Concept

Romani language

Summary
Romani (ˈrɒməni,_ˈroʊ-; also Romany, Romanes ˈrɒmənɪs, Roma; rromani ćhib) is an Indo-Aryan macrolanguage of the Romani communities. According to Ethnologue, seven varieties of Romani are divergent enough to be considered languages of their own. The largest of these are Vlax Romani (about 500,000 speakers), Balkan Romani (600,000), and Sinte Romani (300,000). Some Romani communities speak mixed languages based on the surrounding language with retained Romani-derived vocabulary – these are known by linguists as Para-Romani varieties, rather than dialects of the Romani language itself. The differences between the various varieties can be as large as, for example, the differences between the Slavic languages. Speakers of the Romani language usually refer to the language as rromani ćhib "the Romani language" or romanes (adverb) "in a Rom way". This derives from the Romani word rom, meaning either "a member of the (Romani) group" or "husband". This is also the origin of the term "Roma" in English, although some Roma groups refer to themselves using other demonyms (e.g. 'Kaale', 'Sinti'). In the 18th century, it was shown by comparative studies that Romani belongs to the Indo-European language family. In 1763 Vályi István, a Calvinist pastor from Satu Mare in Transylvania, was the first to notice the similarity between Romani and Indo-Aryan by comparing the Romani dialect of Győr with the language (perhaps Sinhala) spoken by three Sri Lankan students he met in the Netherlands.

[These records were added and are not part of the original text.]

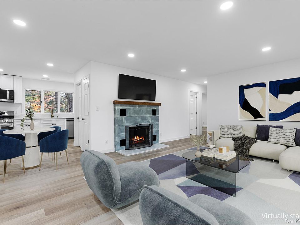 Welcome to 58 Gleneida Ridge, a completely renewed ranch home with finished lower level where every detail has been carefully updated for modern comfort and lasting quality. Recent improvements include new siding, roof, windows, flooring, plumbing, electrical, and a high-efficiency heat pump. The bright, open living spaces are centered around a living room with fireplace and a skylit dining area that fills the home with natural light. Step out onto the new deck overlooking a peaceful yard—perfect for relaxing or entertaining. The kitchen features new appliances, cabinets, and countertops. The basement has been finished to add a bedroom and the perfect space to entertain. With every surface refreshed and every system upgraded, this move-in ready home combines contemporary updates with everyday ease. A rare opportunity to enjoy the best of style, comfort, and care in a beautifully reimagined space.
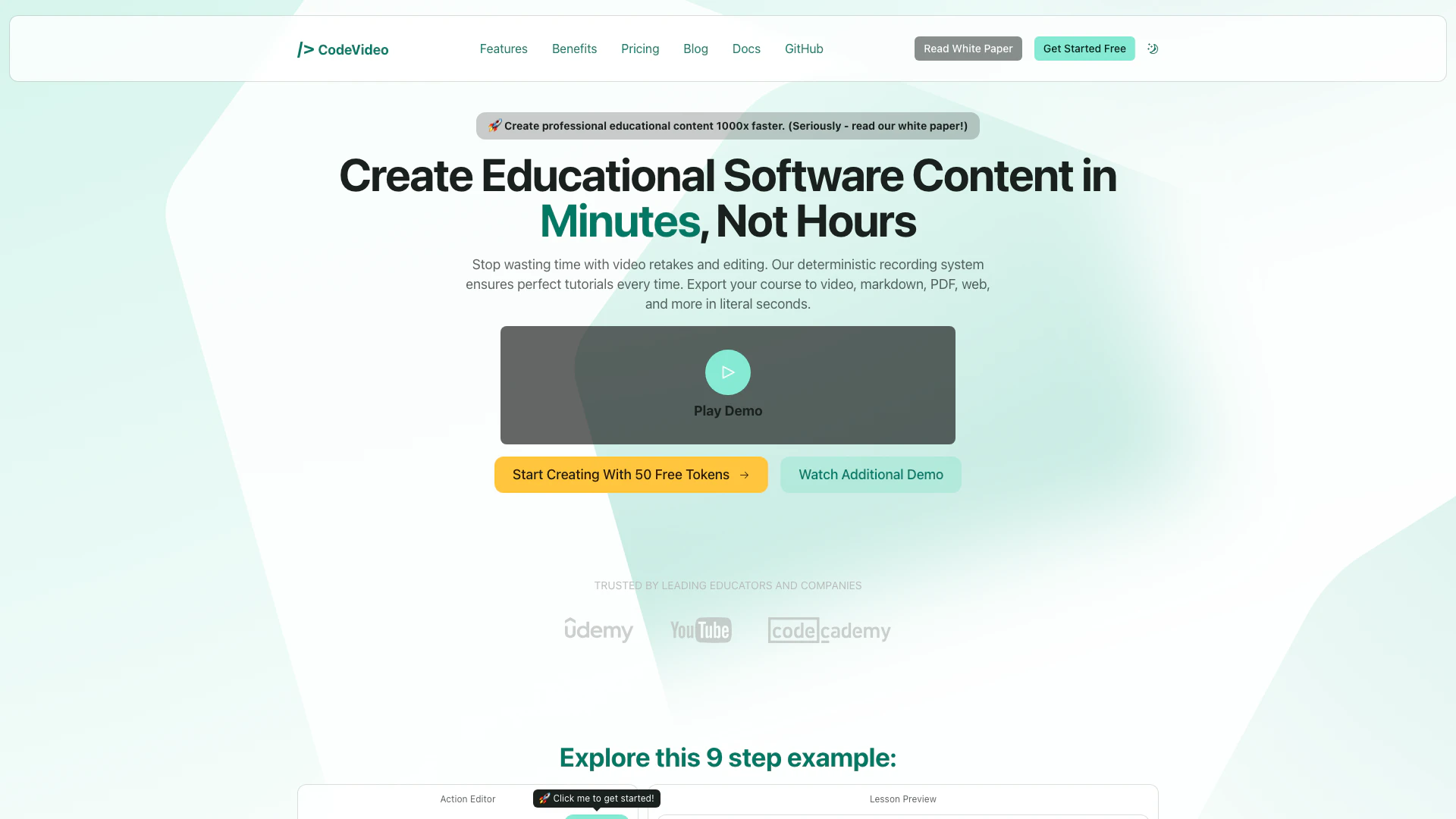 - Schnelle Inhaltserstellung: CodeVideo ermöglicht es den Benutzern, Bildungsinhalte 1000-mal schneller als traditionelle Methoden zu erstellen, was die Produktionszeit erheblich verkürzt.
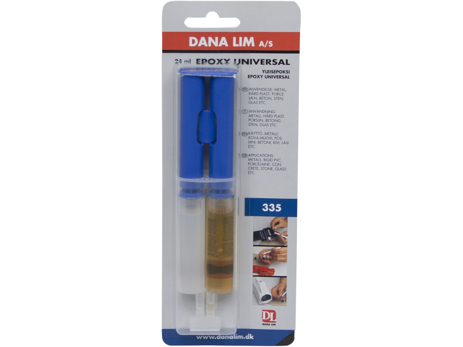 Ekstra stærk og bestandig 2-komponent epoxylim. EPOxy UNIVERSAL 335 anvendes til limninger, hvor der stilles ekstra høje krav til styrke og bestandighed. Velegnet til de fleste materialer, f.eks. metal, hård plast, porcelæn, beton, sten, glas m.m.

This was followed by the linguist Johann Christian Christoph Rüdiger (1751–1822) whose book Von der Sprache und Herkunft der Zigeuner aus Indien (1782) posited Romani was descended from Sanskrit. This prompted the philosopher Christian Jakob Kraus to collect linguistic evidence by systematically interviewing the Roma in Königsberg prison. Kraus's findings were never published, but they may have influenced or laid the groundwork for later linguists, especially August Pott and his pioneering Darstellung der Zigeuner in Europa und Asien (1844–45).